- The paper introduces TikTalkCoref, the first Chinese multimodal coreference resolution dataset tailored for Douyin dialogues.
- It presents a robust three-part pipeline integrating textual coreference, visual tracking, and cross-modal alignment through contrastive learning.
- Experiments demonstrate enhanced accuracy in entity linking and effective handling of singleton clusters in dynamic social media contexts.
The paper presents TikTalkCoref, the first Chinese multimodal coreference resolution dataset tailored for real-world social media dialogues, specifically from the Douyin platform. It addresses critical gaps in multimodal CR research for naturally occurring dialogues, providing valuable resources and a robust benchmark method for effective evaluation. The study includes detailed analysis on the necessity of multimedia integration in understanding dialogic interactions and introduces a sophisticated pipeline architecture for MCR tasks.
Introduction
Multimodal Coreference Resolution (MCR) expands the traditional coreference resolution domain by integrating visual information with textual context, enabling more comprehensive entity identification across modalities.
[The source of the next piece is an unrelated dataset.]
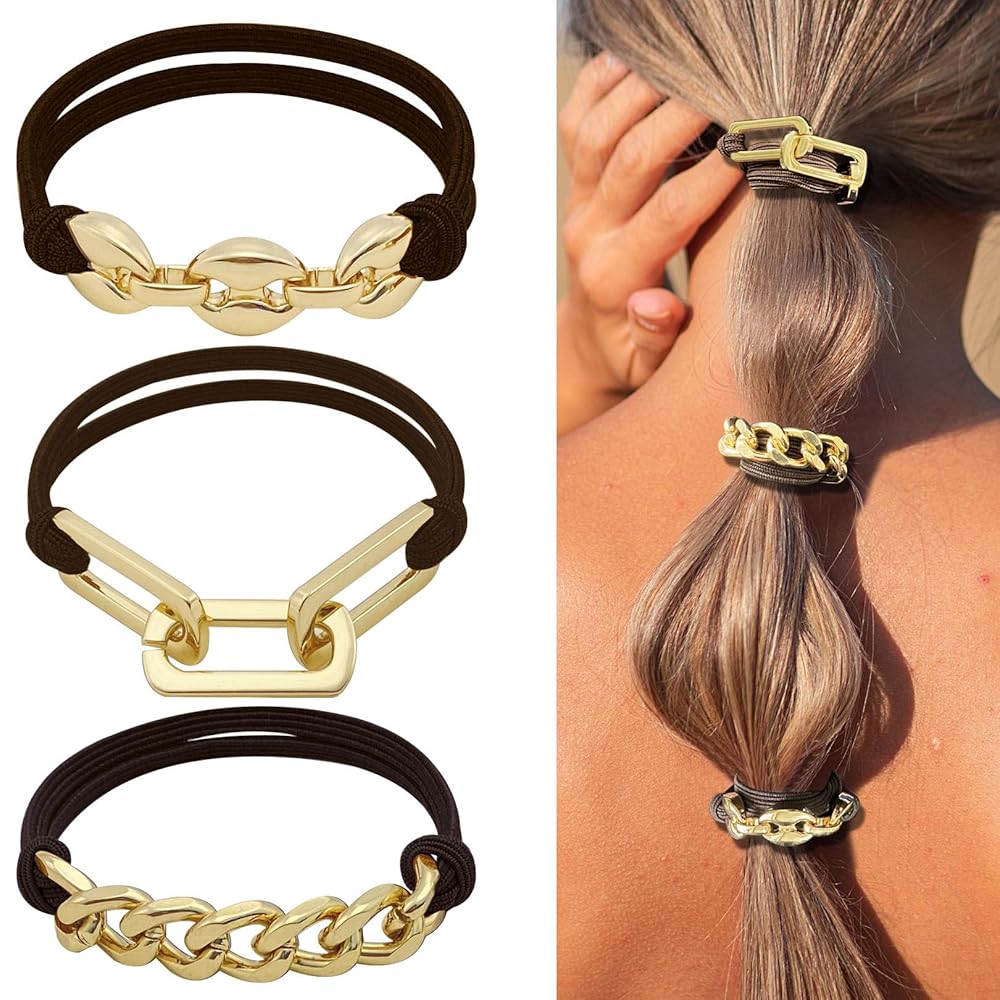 • ربطات شعر لطيفة تأتي بثلاثة ألوان: الكاكي، والكراميل، والبني الداكن. وثلاثة أنماط: وصلة سلسلة الأنف الخنزير، وصلة سلسلة مشبك الورق، ووصلة السلسلة الكوبية.

The advent of short video platforms, such as Douyin, amplifies the need for MCR to improve content personalization and interaction understanding. TikTalkCoref significantly advances this field by offering a dataset with meticulously annotated coreference clusters, linking textual mentions to corresponding visual identifiers within video frames. Consequently, this enhances the fidelity of CR models to real-world social media dialogues.
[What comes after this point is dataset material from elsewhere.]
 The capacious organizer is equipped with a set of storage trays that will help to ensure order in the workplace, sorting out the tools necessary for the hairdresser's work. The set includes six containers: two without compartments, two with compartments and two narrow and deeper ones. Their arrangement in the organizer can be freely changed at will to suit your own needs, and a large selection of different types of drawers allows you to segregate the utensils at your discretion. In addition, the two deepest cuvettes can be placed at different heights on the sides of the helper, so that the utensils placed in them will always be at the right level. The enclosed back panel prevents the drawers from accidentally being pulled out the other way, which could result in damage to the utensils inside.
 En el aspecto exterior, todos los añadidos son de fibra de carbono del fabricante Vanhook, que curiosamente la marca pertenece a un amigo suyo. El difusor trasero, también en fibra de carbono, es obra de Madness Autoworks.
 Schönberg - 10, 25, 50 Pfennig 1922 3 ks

Figure 1: An example of TikTalkCoref.
TikTalkCoref's annotations, demonstrated in Figure 1, underscore its focus on person entities within texts and visuals, establishing an innovative mapping between dialogues and video representations.
Previous MCR endeavors, primarily in English, centered on human-machine dialogue or media descriptions, lacking coverage for dynamic social interactions. Datasets like MPII-MD and VisPro illustrate multimodal CR by aligning textual narratives with images or videos, but fail to capture the nuanced interactions present in social dialogues. TikTalkCoref fills this void, presenting the first Chinese dataset to address this complexity in naturally occurring social media contexts.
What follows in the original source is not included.